第二十八章
雪影霜魂2019-02-05 12:006,844

  繁花深处,柳媚花妍莺声娇,春光无限好。

  璎珞宝珠、玲珑塔、珊瑚台、玛瑙红、冠世墨玉、紫玉、脂玉、蓝田玉、无瑕玉、金玉玺、紫如意……这个园里的牡丹花都是以珠宝命名的,其花型花姿,有着可想而知的雍容华丽。

  姚继宗的目光却在满园娇艳的牡丹花上一掠而过,定定地停在园东角的一座亭台前。

  那里立着两个年少色美的女子,一个着黄色衫子,袅娜娉婷,容颜秀美。另一个正是方才那位紫衣少女,两人正窃窃私语着什么。忽然见到他们一行四人也进了园子,而且姚继宗的眼睛还眨也不眨地盯着她们看,娇容不禁都有些变色。

  阮若弱目光敏锐地发现了那两名少女看姚继宗的眼神很不对头,不禁在一旁发问:“姚继宗,怎么她们看见你像看见鬼子进村似的?”

  姚继宗也察觉了那两个少女对他明显的心怀惧意,一脸无辜地说:“我也不知道呀!我跟她们素昧平生,你说她们怕我干什么?我长得又不吓人,长相还很对得起观众,难道她俩就一点也GET不到我的英俊潇洒吗?她们是不是瞎呀!”

  阮若弱笑嘻嘻地直言不讳:“如果是在长安倒是好解释,没准你以前‘调戏’过人家。”

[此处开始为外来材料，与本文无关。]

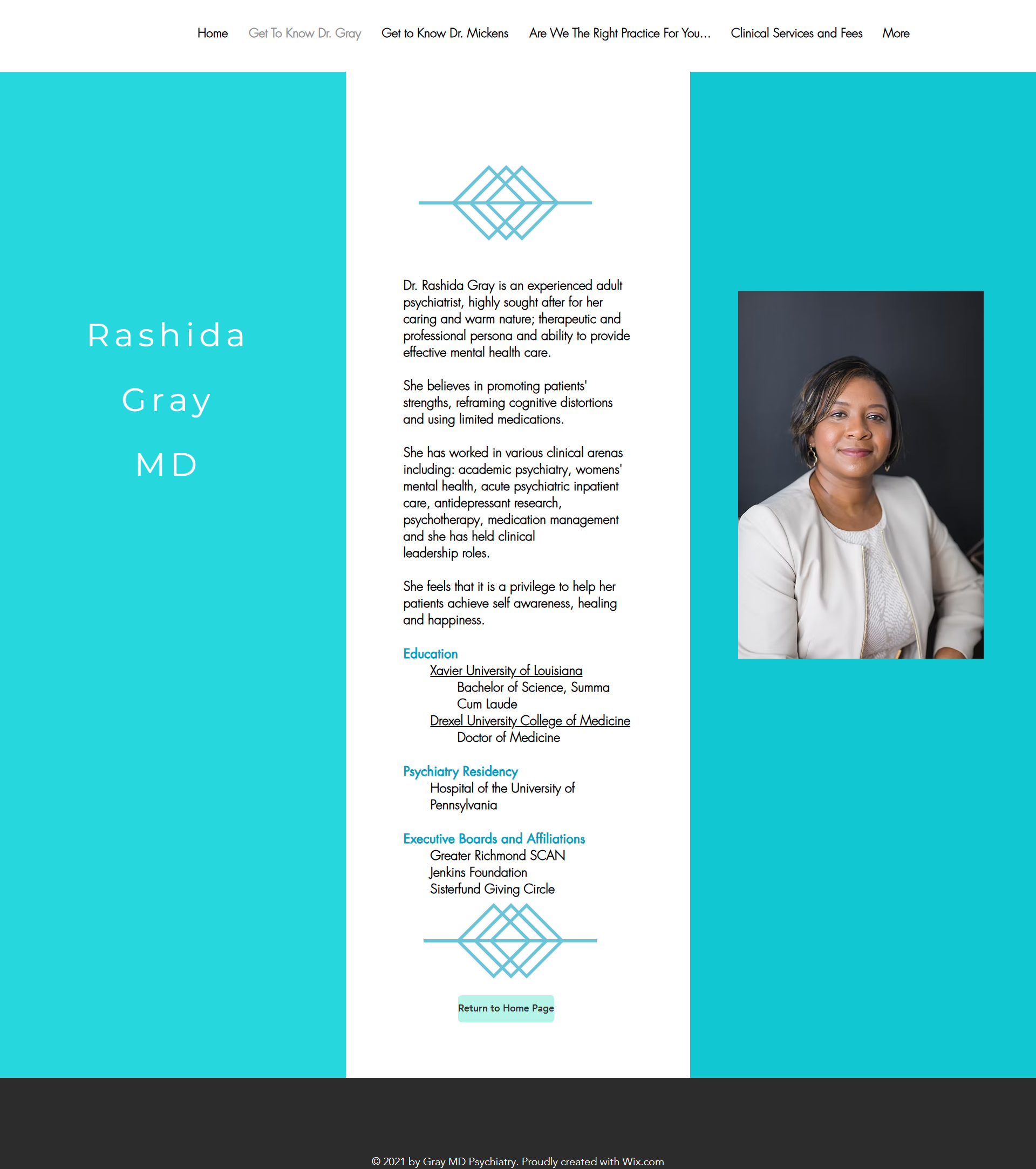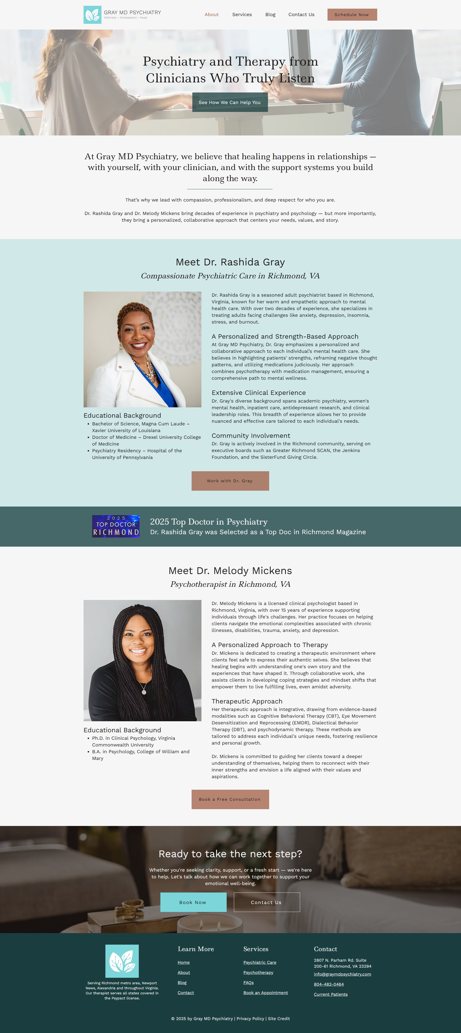 Dr. Rashida Gray of Gray MD Psychiatry offers integrative psychiatry, talk therapy, CBT, EMDR, and medication management to individuals struggling with OCD, anxiety, depression, and more. While her work was deeply impactful, her website wasn’t reflecting the professionalism or scope of her practice.

  姚继宗听得一窒,对于自己的这一‘前科’真是想喊冤都没法喊。他不由自主地瞥了身边的楚天遥一眼,正好对上他疑惑不解的目光。他张张嘴,想说什么却又说不出来,根本无从辩解了。

  李略忽然“呀”了一声, “姚继宗,那两个姑娘朝你走来了。”

  那两个少女走向姚继宗时的神色非常奇怪。一脸的迫不得已,活像有一把无形的刀子压在脖子上逼着她们走过来似的。眼眸中满是惊惶、胆怯和憎厌,脸上却是一派强颜欢笑。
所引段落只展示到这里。